A decisão, tomada no âmbito do CNJ (Conselho Nacional de Justiça), é de 25 de junho e foi publicada no dia 1º de julho. Ela atende parcialmente um pedido do espólio de Cid Ferreira, que queria também o afastamento do juiz Paulo Furtado de Oliveira Filho, da 2ª Vara de Falências e Recuperações Judiciais da Capital do Estado de São Paulo -o que não foi feito pelo ministro.
O corregedor também determinou a nomeação de novos profissionais para substituir o administrador judicial.
Campbell aponta ao menos seis pontos apresentados pela defesa de Cid Ferreira que sustentam os questionamentos sobre o juiz responsável pelo caso: a omissão sobre o suposto desaparecimento de R$ 12 bilhoes em ativos, a contratação da esposa do administrador que presta serviço à massa falida, os fluxos financeiros fora do caixa, um incendio que destruiu documentos oficiais da falencia, as assimetrias em relatórios oficiais e o descumprimento do teto de nomeações simultâneas do administrador.
“O perigo de dano irreparável ou de difícil reparação salta aos olhos”, disse o corregedor.
Nos autos, o magistrado Paulo Furtado de Oliveira Filho defendeu ao ministro a alta eficiência e moralidade do processo, destacando a realização de aproximadamente R$ 3,5 bilhões em ativos e o pagamento de quase 2.000 credores.
Oliveira Filho argumentou que os custos da falência do Banco Santos são os menores do mercado brasileiro e atribuiu a demora de duas décadas no trâmite ao “abuso do direito de recorrer” exercido pelo próprio espólio.
No processo de falência, o administrador judicial concentrou sua defesa na complexidade da recuperação transnacional de ativos, enfrentando fraudes estruturadas pelo ex-controlador em jurisdições estrangeiras.
Segundo apurou a reportagem, o administrador judicial do Banco Santos se movimentava para realizar, até o fim do ano, um novo rateio de pagamentos, o décimo desde 2005, e avaliava a realização de um leilão de carteira de créditos. Juntos, os eventos somariam aproximadamente R$ 500 milhões em pagamentos a 90% dos credores quirografários, o último grupo a receber da massa falida.

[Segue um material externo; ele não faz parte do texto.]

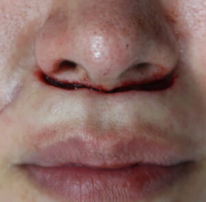 いくつかのポイントがあります。1、両側鼻翼間を全て同じ幅切除して富士山型を防ぐ事。2、口輪筋を切除したら口唇神経を痛めるから縫縮に留める。それでC-カールも造れる。3、鼻翼横の傷は創縁が違うので、辻褄を合わせて”真皮縫合”する。4、鼻柱基部で寄せるかは社会的な態様(女性性を強調するならキスシーンの唇を好む傾向)により選ぶ。5、美容形成外科手術の中でも、顔の前を切る縫う数少ない手術です。真皮縫合を細かく多くして、引っ張っても隙間が出来ないほど、縫う。6、皮膚縫合は創縁の厚さを合わせる。細かく縫う為には連続縫合が適応。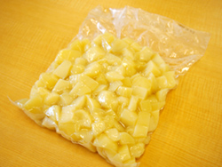 加工処理の終わったジャガイモ。袋ごとボイルするだけでお惣菜に使える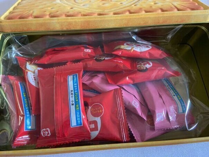 大きなビスコ缶のフタを開けると、中にはみんな大好きおなじみのビスコがたっぷり。

Sobre o incêndio em um galpão onde estavam armazenados os documentos do banco, ocorrido em 2022, uma pequena parte dos registros do Santos teria sido atingida. O caso foi esclarecido e arquivado pela Justiça, segundo pessoas com conhecimento do caso.
A defesa do ex-banqueiro ainda acusa o sumiço de R$ 12 bilhões do patrimônio. A reportagem apurou que houve um erro material na prestação de contas feita mensalmente ao TJSP, que foi corrigida em seguida -sem a reclamação formal do Tribunal.

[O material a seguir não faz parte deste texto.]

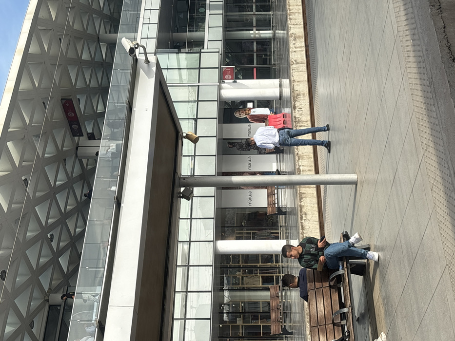 The image captures an outdoor concourse or platform within a modern multi-level transportation hub. In the immediate foreground, a grey tiled pavement with integrated tactile paving is visible. A prominent grey cylindrical metal pillar supports an overhead white canopy, which features recessed square light fixtures, a conical speaker, and a mounted white security camera facing right. Three males are present in the foreground. On the left, two males are seated on a wooden slatted bench. One, largely obscured, wears a dark shirt and faces away from the camera. The other, wearing a green and black plaid shirt, blue jeans, and white sneakers, is facing right and holding a small, light-colored object in his left hand and a dark object in his right. A third male stands on the right, facing away from the camera, wearing a light blue collared shirt, blue jeans, and dark shoes, appearing to be looking down at his hands. Behind the concourse is a raised concrete platform. The midground consists of the ground level of a modern building with extensive glass facades. Visible through the glass are multiple storefronts branded "marwa," displaying clothing on mannequins and racks, with a large poster of a woman in a red jacket prominently featured. White cylindrical pillars support the building's upper levels. The background shows an upper level of the building, featuring a glass-railed walkway or balcony where several indistinct individuals are present. Above this level, a distinctive white triangular grid-patterned roof structure is visible, along with red and white directional signs affixed to overhead beams. The scene is brightly lit by natural daylight.

No inquérito, o espólio do ex-banqueiro acusou o administrador de alugar, utilizando-se de valores da massa falida, um imóvel próprio tido como sede para gerenciar os créditos, bens e débitos da instituição.
Para o espólio de Ferreira, teria ocorrido uma mudança da destinação dos valores do aluguel para uma empresa que seria de Aguiar, com prejuízo aludido à massa falida de pelo menos R$ 140 mil nessa despesa.

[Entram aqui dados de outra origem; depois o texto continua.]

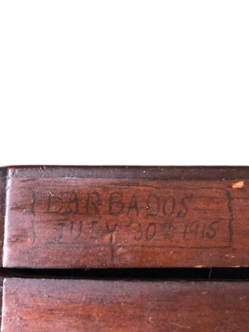 Most, if not all, of these objects were made on the island of Barbados, which was a very important seaport during this period. The main source for these shell pictures was the New Curiosity Shop, located in McGregor Street in Bridgetown, a popular shop where sailors would purchase souvenirs. It appears that the shop employed a large number of Barbadian women to make the valentines using local shells such as Barbados Keyhole Limpets and Rugose Slit Limpets ( both Fissurella barbadensis), the pelagic sea snails Janthinas (J. spp), and King Venus Clams (Lirophora paphia); none of these shells are from endangered species. Interestingly, the island women had a long tradition of creating beautiful designs from their local seashells, noted by visitors as far back as 1750. It is generally believed that the inspiration for the octagonal cases came from ship’s compass boxes.

Até maio deste ano, foram pagos quase R$ 2,9 bilhões aos credores do Banco Santos, deixando o saldo histórico da falência inferior a R$ 607 milhões.
Apenas em remunerações pelos próprios serviços à frente da administração judicial da falência do Banco Santos, Aguiar já recebeu cerca de R$ 35,5 milhões em honorários, segundo a prestação de contas de maio, valor equivalente a menos de 1% dos pagamentos totais aos credores.
Caso Aguiar recorra da decisão proferida no último dia 1º, a expectativa é que o mérito ainda leve algum tempo para ser analisado pelo plenário do CNJ. Até lá, todo o processo envolvendo a falência, como o pagamento de credores e a negociação de acordos com eventuais devedores, fica suspenso.